Camelia Pasandaran & Dion Bisara – As Indonesia struggles to address poverty and an overburdened health sector, a recent survey has found that spending on cigarettes is the second-biggest expenditure in poor households.

Rusman Heriawan, head of the Central Statics Agency (BPS), said on Sunday that the proportion of poor people's income spent on tobacco was second only to rice.

Urban poor spent 25.44 percent of their income on rice, while rural poor spent 32.81 percent. Meanwhile, city-dwellers spent 7.7 percent of their earnings on cigarettes, with the rural poor spending 6.3 percent.

"This is disappointing. Expenditure on tobacco is the second-highest," Rusman said. "Cigarettes are not calories."

The survey showed some families had prioritized spending on tobacco over sending their children to school.

"It's the only affordable way for them to have fun and set aside their daily stresses," Bambang Shergy Laksmono, dean of University of Indonesia's School of Social and Political Science, said on Sunday. "As poor people tend to have more spare time, they tend to gather to chat to kill time. Smoking is part of that."

The problem was, Bambang said, that the "escape from reality" led to them becoming even poorer.

Henny Warsilah, a sociology expert from the Indonesian Institute of Science (LIPI), blamed the phenomenon partly on the government.

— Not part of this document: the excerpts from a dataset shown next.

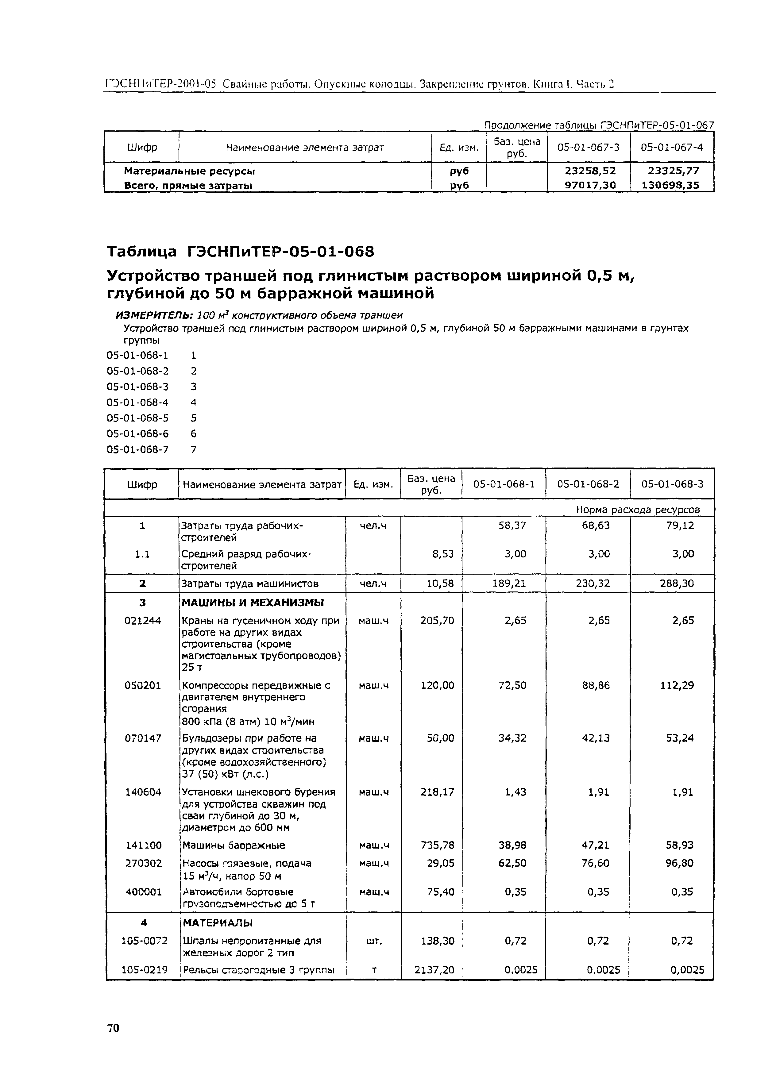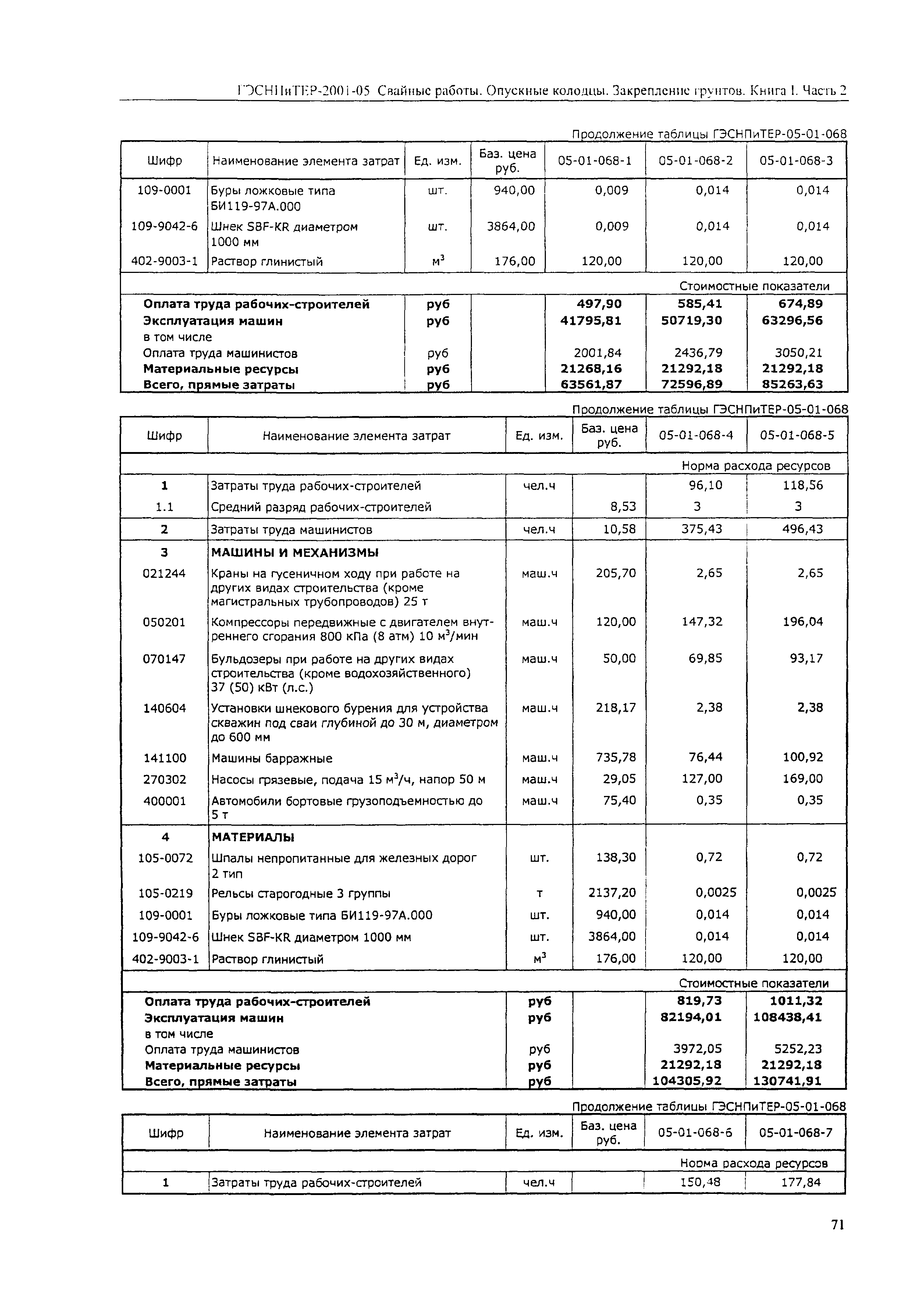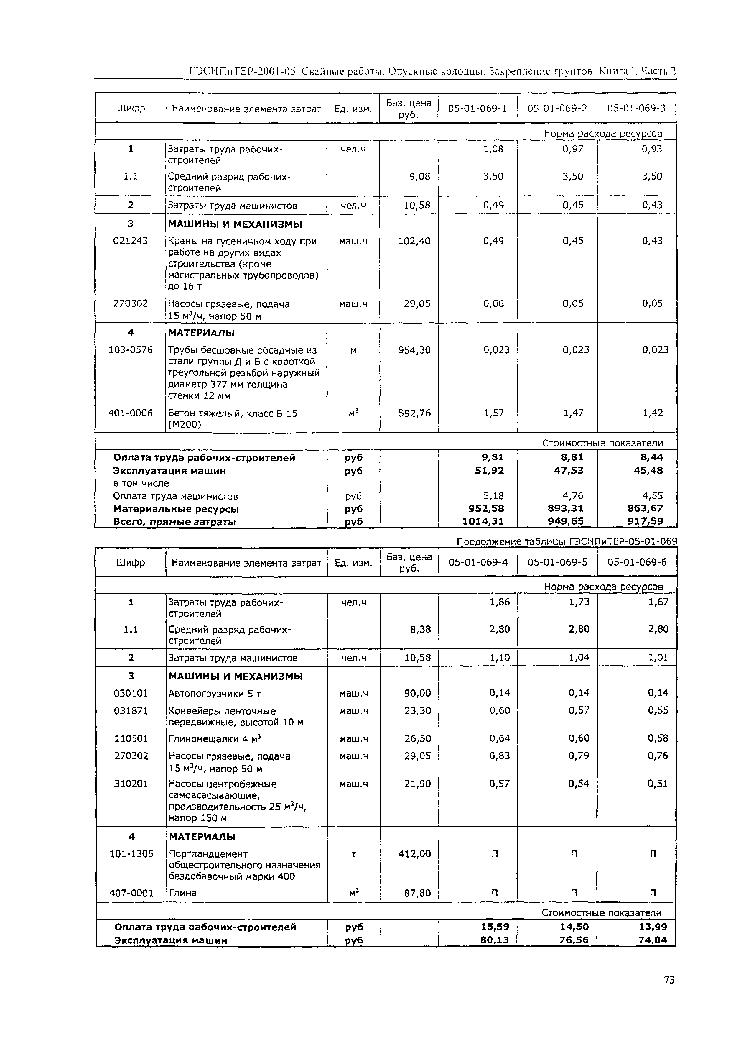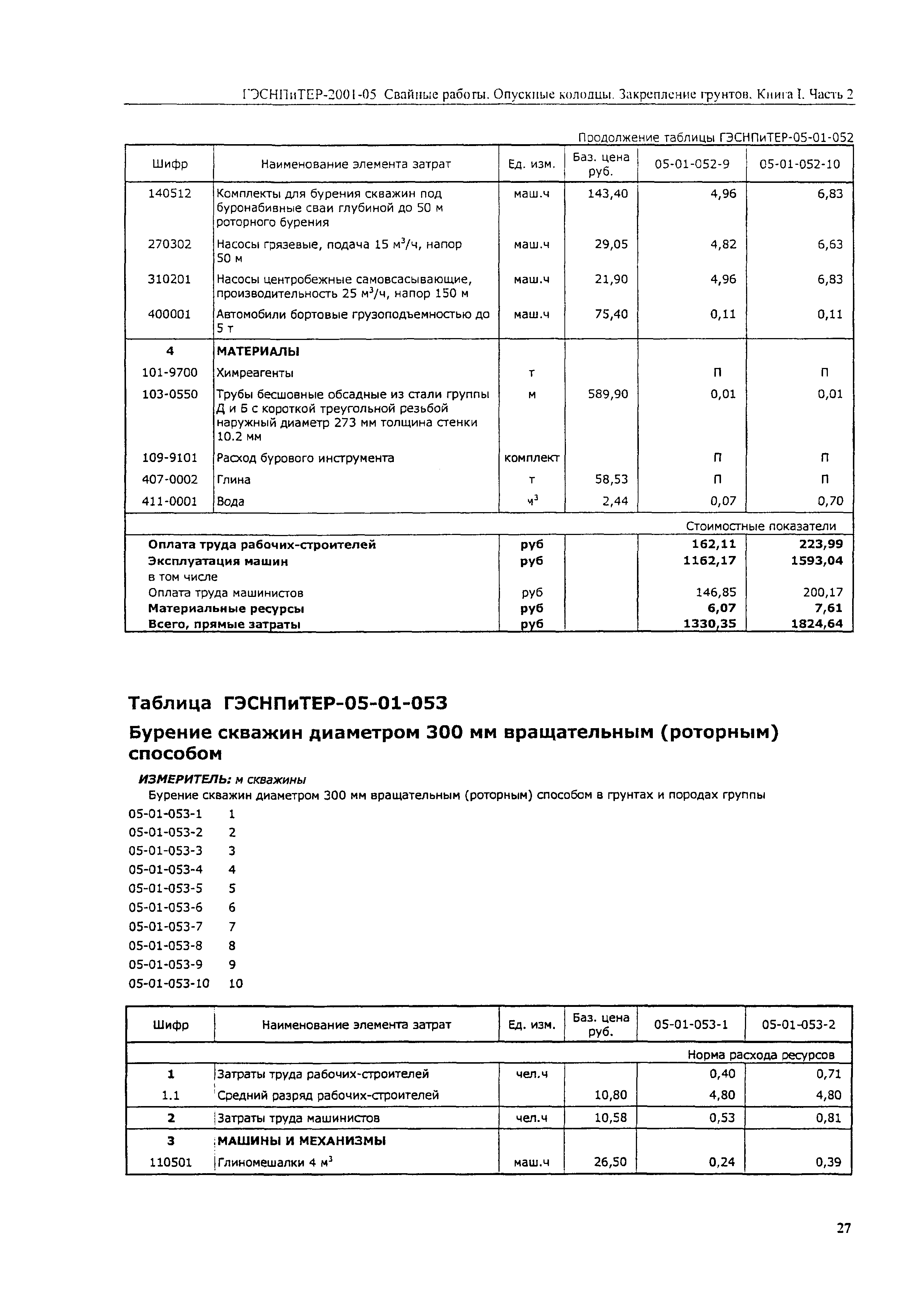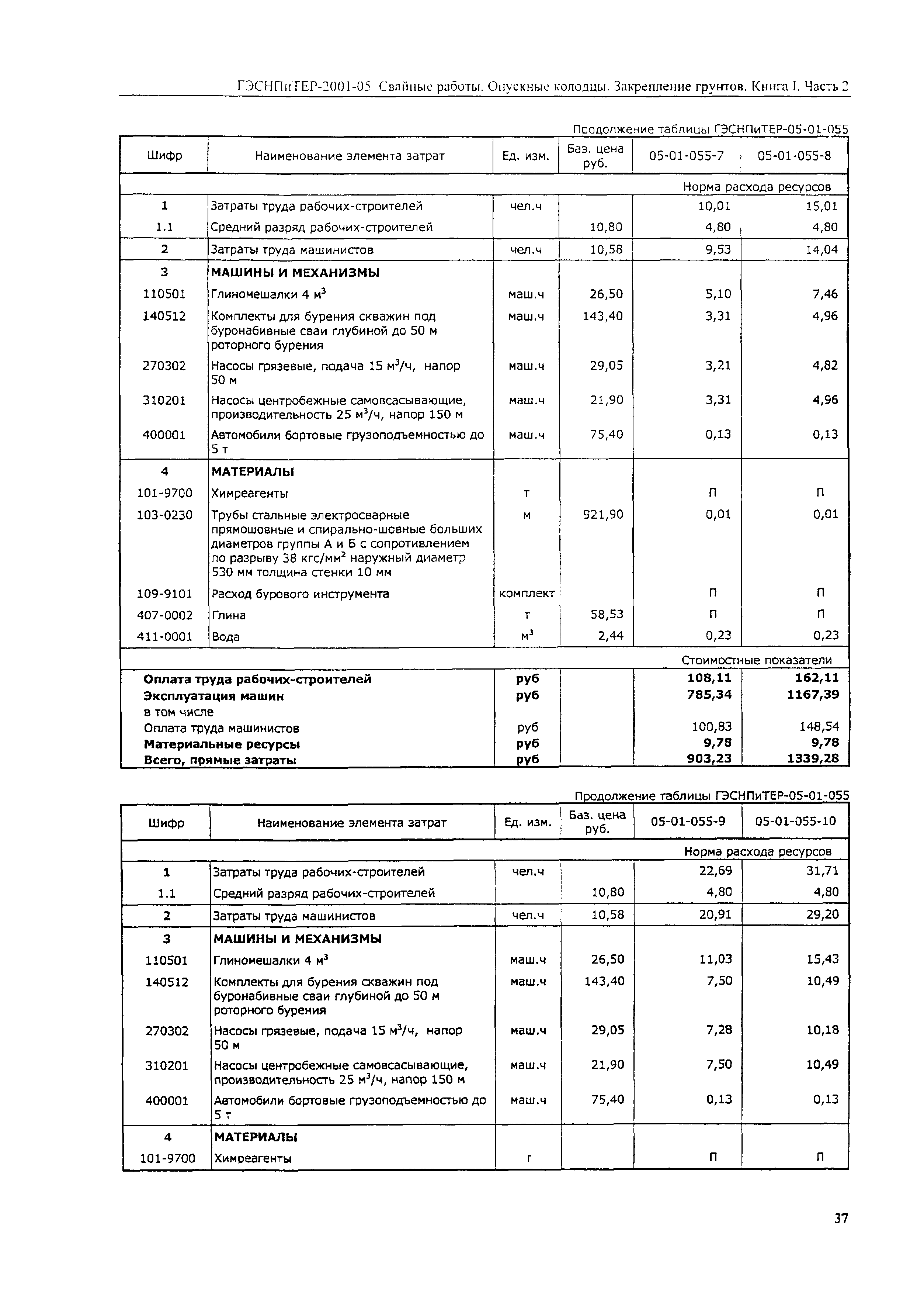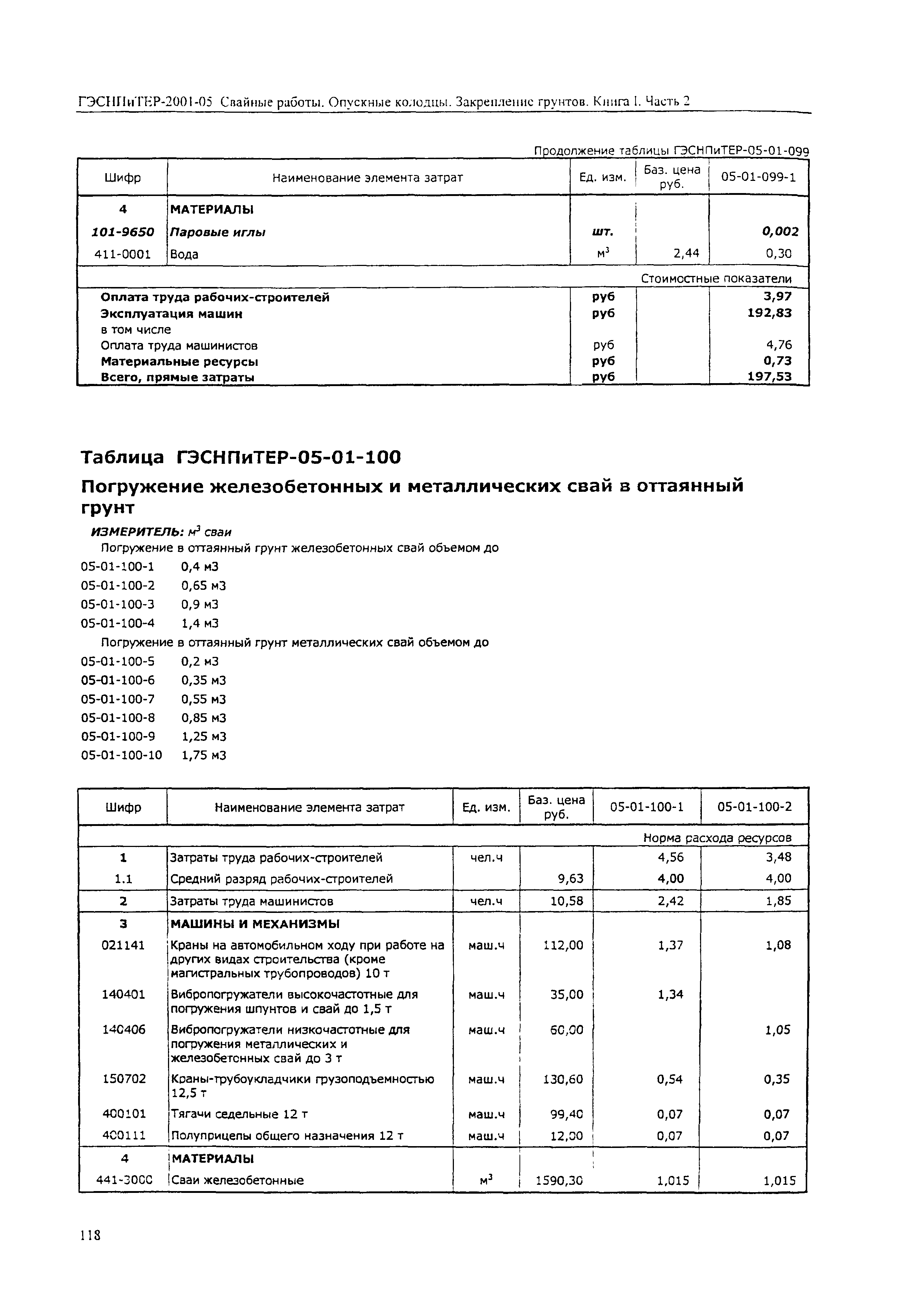 | Оглавление: | Техническая часть 1. Общие указания Раздел 01. Свайные работы Техническая часть 1. Общие указания 2. Правила исчисления объемов работ 3. Коэффициенты к нормам и расценкам Раздел 02. Опускные колодцы Техническая часть 1. Общие указания 2. Правила исчисления объемов работ 3. Коэффициенты к нормам и расценкам Раздел 03. Закрепление грунтов Техническая часть 1. Общие указания 2. Правила исчисления объемов работ 3. Коэффициенты к нормам и расценкам Продолжение раздела 01 - Свайные работы Таблица ГЭСНПиТЕР-05-01-052 Бурение скважин диаметром 250 мм вращательным (роторным) способом Таблица ГЭСНПиТЕР-05-01-053 Бурение скважин диаметром 300 мм вращательным (роторным) способом Таблица ГЭСНПиТЕР-05-01-054 Бурение скважин диаметром 350 мм вращательным (роторным) способом Таблица ГЭСНПиТЕР-05-01-055 Бурение скважин диаметром 450 мм вращательным (роторным) способом Таблица ГЭСНПиТЕР-05-01-056 Бурение скважин диаметром 500 мм вращательным (роторным) способом Таблица ГЭСНПиТЕР-05-01-057 Бурение скважин диаметром 600 мм вращательным (роторным) способом Таблица ГЭСНПиТЕР-05-01-058 Бурение скважин диаметром 700 мм вращательным (роторным) способом Таблица ГЭСНПиТЕР-05-01-059 Бурение скважин вращательным (ковшевым) способом Таблица ГЭСНПиТЕР-05-01-060 Бурение уширения основания скважины для буронабивных железобетонных свай Таблица ГЭСНПиТЕР-05-01-061 Установка в скважину арматурного каркаса Таблица ГЭСНПиТЕР-05-01-062 Бетонирование свай Таблица ГЭСНПиТЕР-05-01-063 Заполнение раствором пустот между стенкой скважины и телом сваи Таблица ГЭСНПиТЕР-05-01-064 Разработки траншей глубиной до 10 м и установкой с плоским грейфером Таблица ГЭСНПиТЕР-05-01-065 Разработка траншей глубиной до 15 м установкой с плоским Таблица ГЭСНПиТЕР-05-01-066 Разборка траншей глубиной до 7 м экскаватором "обратная лопата" Таблица ГЭСНПиТЕР-05-01-067 Устройство траншей под глинистым раствором шириной 0,5 м, глубиной 20 м широкозахватным грейфером на базе экскаватора Таблица ГЭСНПиТЕР-05-01-068 Устройство траншей под глинистым раствором шириной 0,5 м, глубиной до 50 м барражной машиной Таблица ГЭСНПиТЕР-05-01-069 Укладка в траншею противофильтрационных материалов Таблица ГЭСНПиТЕР-05-01-070 Устройство завес Таблица ГЭСНПиТЕР-05-01-071 Наращивание железобетонных свай и панелей Таблица ГЭСНПиТЕР-05-01-072 Установка и извлечение железобетонных ограничителей захваток Таблица ГЭСНПиТЕР-05-01-074 Устройство железобетонных буронабивных свай диаметром 800 мм глубиной до 30 метров агрегатами типа "Ваuеr ВG-25", "Junttаn РМ26" Таблица ГЭСНПиТЕР-05-01-075 Устройство железобетонных буронабивных свай диаметром 1000 мм глубиной до 30 метров агрегатами типа "Ваuеr ВG-25", "Junttаn РМ26" Таблица ГЭСНПиТЕР-05-01-076 Устройство железобетонных буронабивных свай диаметром 1200 мм глубиной до 30 метров агрегатами типа "Ваuеr ВG-25", "Junttаn РМ26" Таблица ГЭСНПиТЕР-05-01-077 Устройство железобетонных буронабивных свай диаметром 1500 мм глубиной до 30 метров агрегатами типа "Ваuеr ВG-25", "Junttаn РМ26" Таблица ГЭСНПиТЕР-05-01-078 Устройство железобетонных буронабивных свай диаметром 1700 мм глубиной до 30 метров агрегатами типа "Ваuеr ВG-25", "Junttаn РМ26" Таблица ГЭСНПиТЕР-05-01-095 Установка железобетонных свай в скважины Таблица ГЭСНПиТЕР-05-01-096 Установка деревометаллических и деревянных свай в готовые скважины Таблица ГЭСНПиТЕР-05-01-097 Погружение железобетонных и стальных свай с предварительным оттаиванием грунта паровыми иглами Таблиц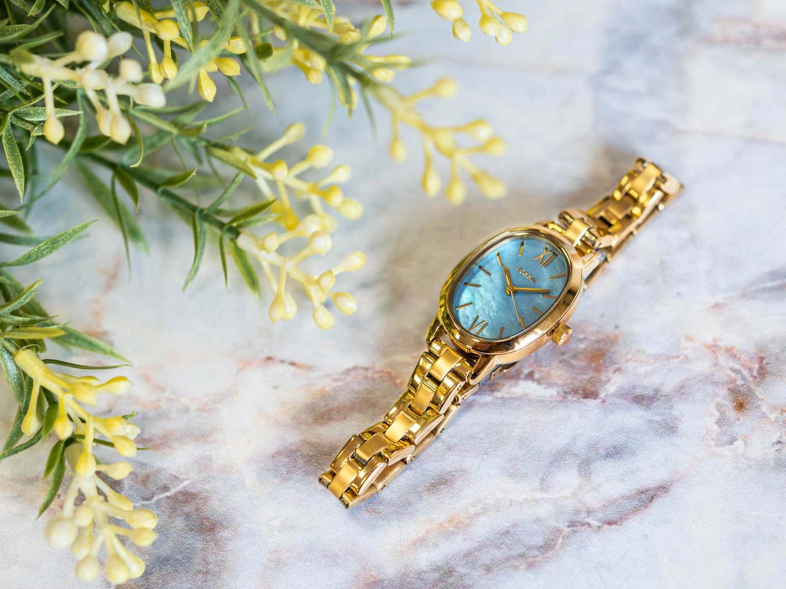 Centralnym punktem zegarka jest efektowna, niebieska tarcza z delikatnym, perłowym połyskiem. W zależności od kąta padania światła mieni się ona różnymi odcieniami, tworząc wyjątkowy i kobiecy efekt. Złote, rzymskie indeksy oraz smukłe wskazówki dodają całości wyrafinowanego charakteru, podkreślając dbałość o detale. Mineralne szkiełko skutecznie chroni tarczę przed zarysowaniami i uszkodzeniami, a eleganckie metalowe pudełko, w które zapakowany jest zegarek, doskonale sprawdzi się jako prezent lub stylowe etui do przechowywania. Fossil BQ5031 to idealny wybór dla kobiet, które cenią sobie dyskretną elegancję, wysoką jakość wykonania i funkcjonalność. To nie tylko dodatek, ale również wyraz osobistego stylu i klasy.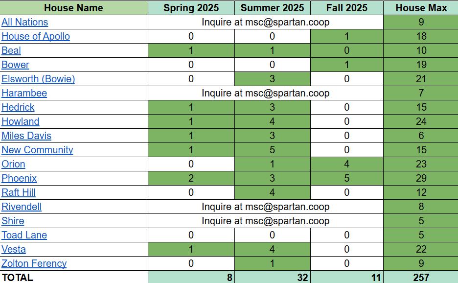 Maintenance Coordinator (Zach): maintenance@spartan.coop
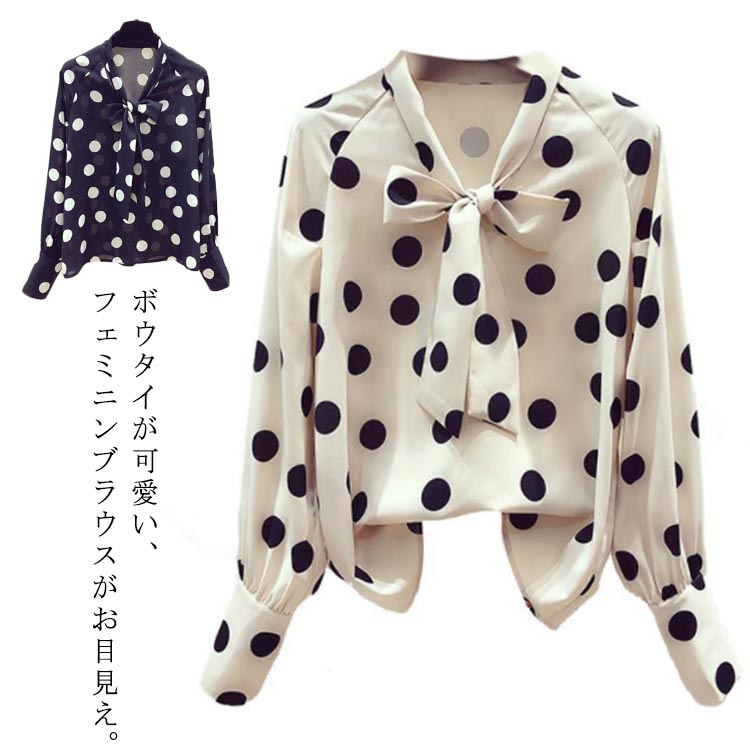 ボウタイ リボン ブラウス シフォン ボウタイブラウス フォーマル リボン シャツ ネック ブラウス レディース 水玉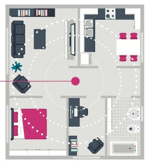Jos vaihtoehtoja on useampia, kannattaa valita huone, joka on keskeisellä paikalla. Näin modeemin muodostama langaton WiFi-verkko ulottuu koko asuntoon.

"The government encourages people to smoke by clearing the way for the tobacco industry," Henny said. "There are massive cigarette advertisements and no effective smoking ban. Children here start smoking at elementary school age, something that we do not see in other countries.

"This is more about habit, rather than escape. Only a small number of people might use smoking as an escape, to relieve their frustrations."